When you imagine someone giving birth, you probably assume it's happening in a hospital or another medical setting, like a birthing center. However, this is not always the case. For some pregnant people, the ideal way to have their baby is through "freebirth."
What is freebirth? Also known as unassisted birth, it means going through labor and delivery at home without the assistance of any trained medical professionals, such as obstetricians and gynecologists, or midwives. Freebirth is different from typical home birth, which is usually attended by a certified nurse midwife who supervises the birthing process to ensure it is progressing properly.
Why some parents choose freebirth
You might wonder why a pregnant woman would opt for labor and delivery without the security of a medical setting. It was an easy choice for Heather McDonald, 31, of Lebanon, New Hampshire.
"For my third child, I decided to freebirth," McDonald said. "I'd already given birth twice in a typical hospital setting and didn't like how restrictive it was. My nurses discouraged me from moving around to labor in more comfortable positions and wouldn't let me eat, even though one of my labors lasted 17 hours."
McDonald labored for 10 hours at home with only the help of her husband, who supported her labor with holistic practices, including providing counterpressure to her contractions, keeping the environment relaxing through aromatherapy, soothing music and dim lights, and making sure she had enough high-protein snacks to have sufficient energy to deliver their baby.

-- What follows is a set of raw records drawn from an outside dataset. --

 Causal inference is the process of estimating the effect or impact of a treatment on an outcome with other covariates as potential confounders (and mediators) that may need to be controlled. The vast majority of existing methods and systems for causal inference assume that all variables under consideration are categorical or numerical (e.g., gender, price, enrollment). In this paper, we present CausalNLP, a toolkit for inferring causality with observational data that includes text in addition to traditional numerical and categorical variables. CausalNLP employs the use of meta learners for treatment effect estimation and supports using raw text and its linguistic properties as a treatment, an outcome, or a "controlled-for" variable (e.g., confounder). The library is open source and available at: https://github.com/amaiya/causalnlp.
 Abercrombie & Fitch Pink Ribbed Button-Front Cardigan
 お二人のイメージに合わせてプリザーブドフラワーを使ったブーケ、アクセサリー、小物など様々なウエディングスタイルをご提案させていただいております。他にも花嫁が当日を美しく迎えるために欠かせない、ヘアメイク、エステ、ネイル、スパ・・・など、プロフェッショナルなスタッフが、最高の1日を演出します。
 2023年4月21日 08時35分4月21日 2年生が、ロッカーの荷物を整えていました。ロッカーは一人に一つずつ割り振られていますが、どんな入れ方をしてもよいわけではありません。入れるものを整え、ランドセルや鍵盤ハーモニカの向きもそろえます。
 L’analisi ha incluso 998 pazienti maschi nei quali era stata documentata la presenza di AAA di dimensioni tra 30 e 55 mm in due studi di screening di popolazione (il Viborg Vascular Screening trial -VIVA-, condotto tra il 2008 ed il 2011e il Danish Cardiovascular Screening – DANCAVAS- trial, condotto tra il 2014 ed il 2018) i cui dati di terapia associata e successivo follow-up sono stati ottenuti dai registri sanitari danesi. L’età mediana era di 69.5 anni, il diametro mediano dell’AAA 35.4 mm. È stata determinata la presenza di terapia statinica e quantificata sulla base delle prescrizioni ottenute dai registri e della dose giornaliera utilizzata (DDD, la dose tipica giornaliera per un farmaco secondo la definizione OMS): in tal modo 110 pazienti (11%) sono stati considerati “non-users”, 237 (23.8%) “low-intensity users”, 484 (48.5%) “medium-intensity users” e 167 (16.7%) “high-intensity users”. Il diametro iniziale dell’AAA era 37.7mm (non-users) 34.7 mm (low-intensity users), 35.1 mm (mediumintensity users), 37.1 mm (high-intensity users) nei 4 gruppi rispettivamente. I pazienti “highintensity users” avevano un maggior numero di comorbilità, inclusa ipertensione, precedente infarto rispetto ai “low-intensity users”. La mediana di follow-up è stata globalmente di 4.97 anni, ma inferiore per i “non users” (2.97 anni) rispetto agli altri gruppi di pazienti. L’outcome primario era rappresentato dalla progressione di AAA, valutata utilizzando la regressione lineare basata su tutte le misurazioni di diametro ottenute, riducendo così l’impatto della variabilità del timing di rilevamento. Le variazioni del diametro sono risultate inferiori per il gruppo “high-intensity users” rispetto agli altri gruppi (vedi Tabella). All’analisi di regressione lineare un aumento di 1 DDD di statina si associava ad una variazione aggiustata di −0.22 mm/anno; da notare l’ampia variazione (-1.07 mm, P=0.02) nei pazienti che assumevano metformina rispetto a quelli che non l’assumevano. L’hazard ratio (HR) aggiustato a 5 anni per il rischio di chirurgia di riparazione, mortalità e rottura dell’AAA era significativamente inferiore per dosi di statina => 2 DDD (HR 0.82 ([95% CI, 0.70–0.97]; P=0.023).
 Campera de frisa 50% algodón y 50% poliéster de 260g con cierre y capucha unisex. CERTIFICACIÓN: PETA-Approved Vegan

"It was a really great experience," McDonald said of her unassisted birth in 2021. "Having had two previous successful vaginal births, I felt I had a good grasp on what an uncomplicated birth should feel like. If at any point I thought that something was off or I wasn't progressing properly, I was prepared to go to the hospital.
'During my freebirth, I was able to labor at my own pace and it felt like I was working with my body instead of against it.'
"I'm not a martyr," she continued. "I just wanted the freedom to birth in a way that felt right to me, and for my situation, that meant a freebirth. I would recommend it to any pregnant person for whom it makes sense."
Cadi Saab, 34, of Portland, Maine, chose unassisted childbirth for a different reason.
"My first birth was in a hospital and it was a really traumatic experience. I felt so powerless over my body, and the nurses really pushed interventions on me," Saab said. "I went in with the expectation I would have an unmedicated labor and was swiftly talked into interventions like an epidural, Pitocin and my doctor breaking my water for me.
"It took me a long time to get over how out of control I felt both internally and externally in the hospital. There's so little you can control during birth," Saab said, referring to variables such as when you go into labor, how quickly labor progresses and how contractions present.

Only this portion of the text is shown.